@philosopher I understand your question, and I think I have answered it. You ask why the Occupy movement doesn’t have a leader running for president. The answer is because it can’t have a leader, and it can’t run anybody for office. It’s not like the Tea Party in that way; no single person could represent it. This prevents the movement from being co-opted and asks other people to take up the cause rather than the name. It’s a harder road to travel, but it’s more effective if it works.
Yes, the civil rights movement did take time; the Occupy movement will also take time. You say that the civil rights movement developed leadership, but I disagree. I would say that it developed major organizers. That is a leadership of sorts, of course, but that can’t be what you are talking about because Occupy already has that. They don’t have any figures as large as Martin Luther King, Jr. yet, but it is early.

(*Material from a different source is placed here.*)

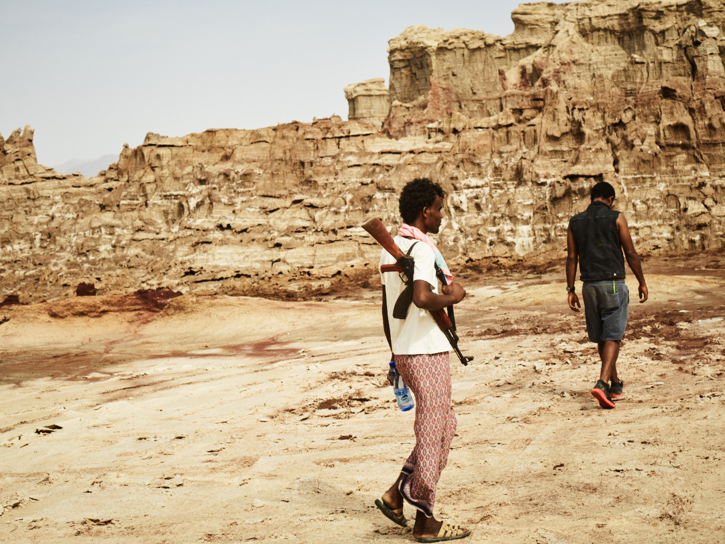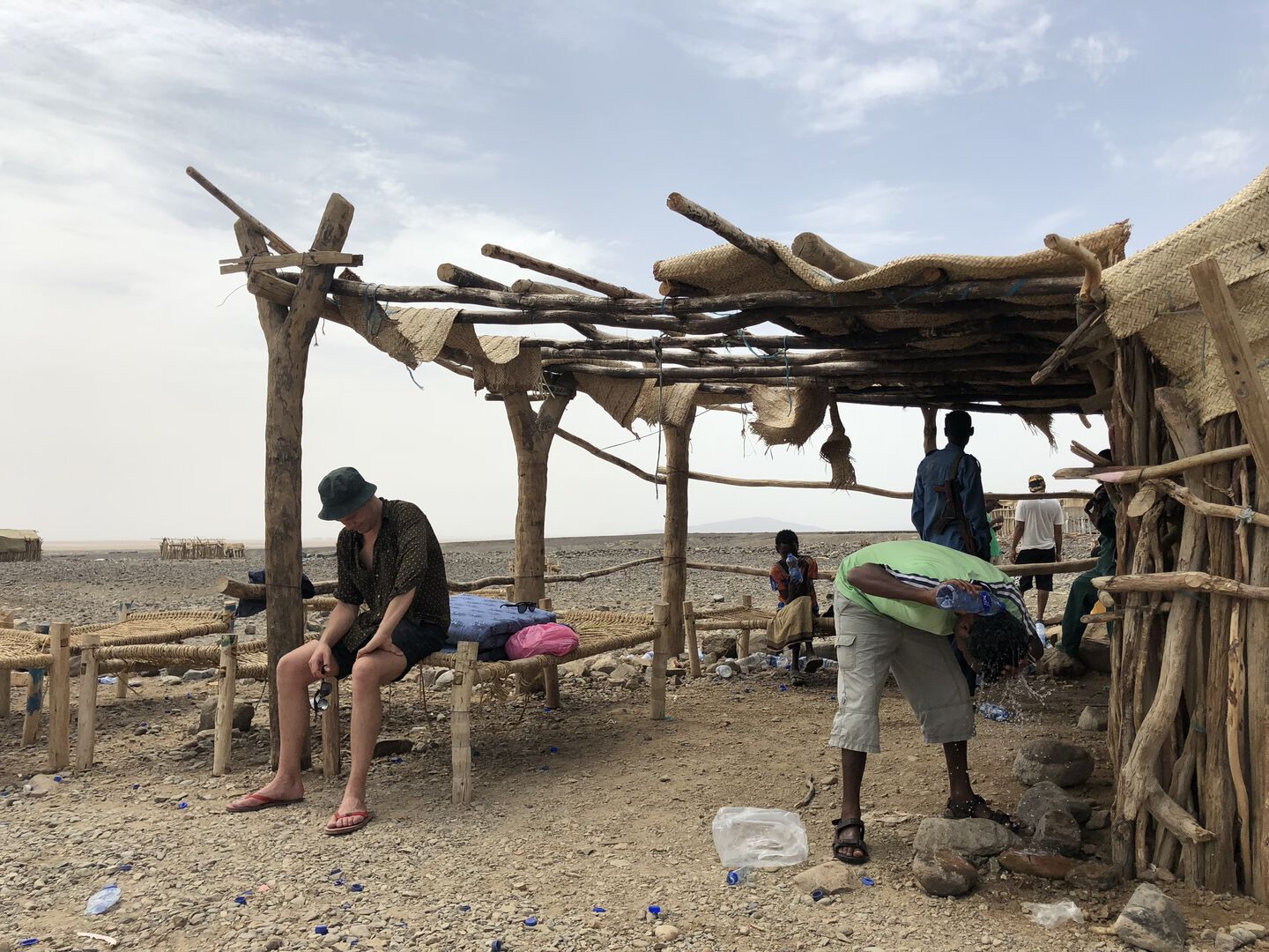 June 2nd, Afar Ethiopia. We’ve been driving for a few hours and now we’ve arrived in hell on earth. We get out of the car in a desert-like landscape and there’s absolutely nothing there. It’s at least 46 degrees but the wind blows like crazy. Wind force 7 at least. No cooling anywhere. The drinking water is scorching hot. Our accommodation is a hut made of sticks and straw. The hut is only for cooking. We sleep outside on rickety wooden beds. Our guide has just told us that the local Afar tribe is the most aggressive tribe in all of Africa. “Very aggressive, yes. But no problem, we sleep outside.” We’re supposed to stay here for two nights. Within two minutes, we decided that this wasn’t a good idea. We squeezed all locations and photo shoots into one day and left with squealing tyres after one night.

OWS does have a clear strategy: sit-ins and occupations. They are using the strategy that worked for the Arab Spring. They do not have a single, overarching goal, but they do have several small goals. Big changes are the result of little changes. Let it be.
As for violence and anarchism, I do not understand what you are saying. Occupy has not been violent, and it is not anarchist. Even if there are a few who are bad apples, that can be said of any group anywhere at any time. When I see the events in Oakland and UC Davis, however, I myself stop being opposed to violent reactions. But as most Americans still want them to be moral saints, I suppose they’ll have to behave a bit longer.
Every movement faces people who try to make them look bad. This is inevitable. I’m not sure why you think Occupy should be held to a standard to which no other movement in history has been held. It is our duty as citizens to figure out who really does and does not represent Occupy. But at the end of the day, even that doesn’t matter. Our real duty is to examine their views—independent of who is putting them forward and how they might be going about it—and to figure out how much truth there is in it.
The point of Occupy is to bring the problem to the foreground and not let the country ignore it. Our job is to do something about it. Otherwise, we’re just another group of people waiting for someone to tell us what to do. Perhaps it’s time for the people—and not just groups of protesters—to get off their asses and do something.